Это зрелище в один миг убедило Леку в абсолютной бесполезности его одесского существования, затмило все его робкие мечты о странствиях, о карьере капитана дальнего плавания. Петербург воцарился в его душе навсегда. Через год, когда Ришельевская гимназия была закончена, он беспощадно разбил мечты отца, планировавшего дать сыну медицинское и обязательно немецкое образование, ценившееся в Одессе превыше всего. Лека выбрал Петербургский университет и поступил на совершенно бесполезный с одесской точки зрения историкофилологический факультет. В кругу своих одесских сверстников он получил прозвище «петербуржец» и носил его с гордостью, как высочайший титул, всеми силами стараясь соответствовать ему и внешне, и внутренне.
Могучим здоровьем Лека не отличался, и начавшаяся война не разлучила его с Петербургом. Он надел полувоенную форму и совмещал университетские лекции с работой в каких-то патриотических заведениях и комиссиях. Как положено либералу и к тому же филологу, он встретил падение императорской власти с восторгом, а октябрьский переворот с полным непониманием, но все эти перемены не касались главного: Петербург, его Петербург (имени «Петроград» он так и не освоил) оставался Петербургом.

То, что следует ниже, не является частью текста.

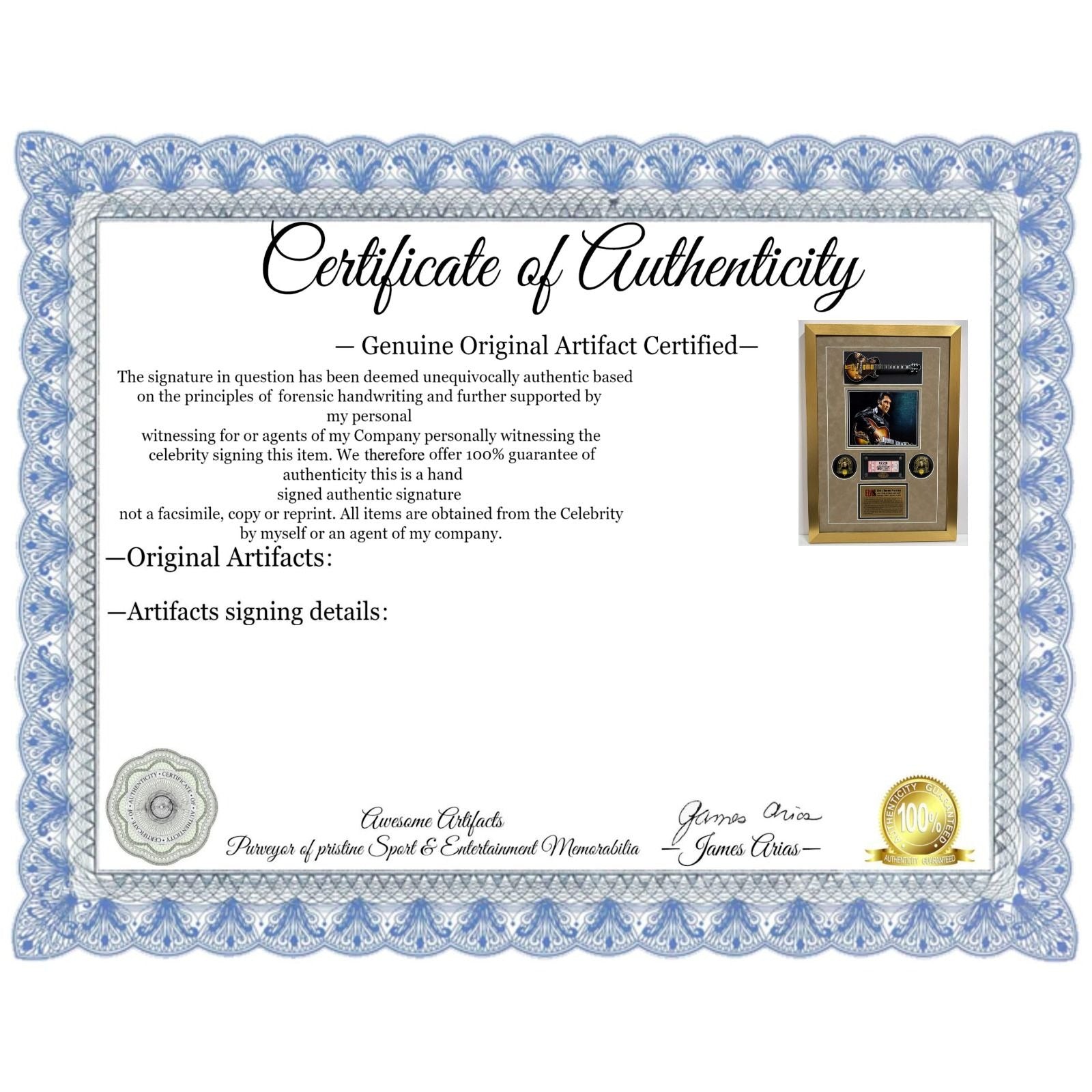 #3 All items which I sell come with a Certificate of Authenticity and with your certificate I will provide specific details, the date and location of where I obtained the signature(s). The nice thing here is I do not offer an opinion of authenticity rather you receive a guarantee of authenticity which I am able to offer as I have witnessed the items which I am offering actually being signed by the sports figure or celebrity.

Жизнь становилась труднее. Прервалась связь с Одессой, а когда страна собралась воедино, выяснилось, что престарелый отец уже не сможет содержать его, как прежде. Символом перемен для приехавшего в Одессу Леки стала статуя матушки-императрицы на Екатерининской, закутанная в тряпье со звездой, венчающей это пугало. Большинство одесских друзей оказались в эмиграции, а иные стали скромными служащими, пытаясь найти себе место в круто изменившемся быте.
Вернувшись на север и походив на биржу труда, Лека убедился, что в том, чему его учили в университете, большой потребности у народа пока еще не появилось. Правда, ему предоставили возможность участвовать в ликвидации неграмотности, но работа с великовозрастными учениками, ласково называвшими его «наш буржуй» и мило издевавшимися над его моноклем, Леку тяготила, и поэтому, когда он узнал, что его Петербургу требуются пожарные, Лека без сожаления оставил свою педагогическую деятельность и поступил, как он говорил, в пожарную часть. К немаловажным преимуществам этой своей новой должности Лека относил обеспечение «производственной» одеждой и «спецпитанием». Первое обстоятельство позволяло ему надолго сохранить остатки своего прежнего гардероба, а второе — не считать каждую копейку и давало возможность время от времени бывать в Одессе, иногда даже путешествуя первым или вторым классом.
Весть о поступлении Леки в пожарники распространялась медленно, но верно, и со временем достигла остатков одесского высшего света в самой Одессе, в Константинополе, Белграде, Париже. Более всего были шокированы те его одесские знакомые, которые с южной предприимчивостью уже как-то сумели приспособиться к новой жизни. Впрочем, все это обсуждалось заглазно. Когда же Лека появлялся в Одессе, его принимали в лучших традициях местного бомонда — ласково и почтительно, ибо никто уже не удивлялся превратностям судеб. Так принимали его и в семье моего отца — в далекое, навсегда ушедшее «мирное» время Лека был его восприемником, и потому, разумеется, когда он сам этого не слышал, его называли здесь «кум-пожарник».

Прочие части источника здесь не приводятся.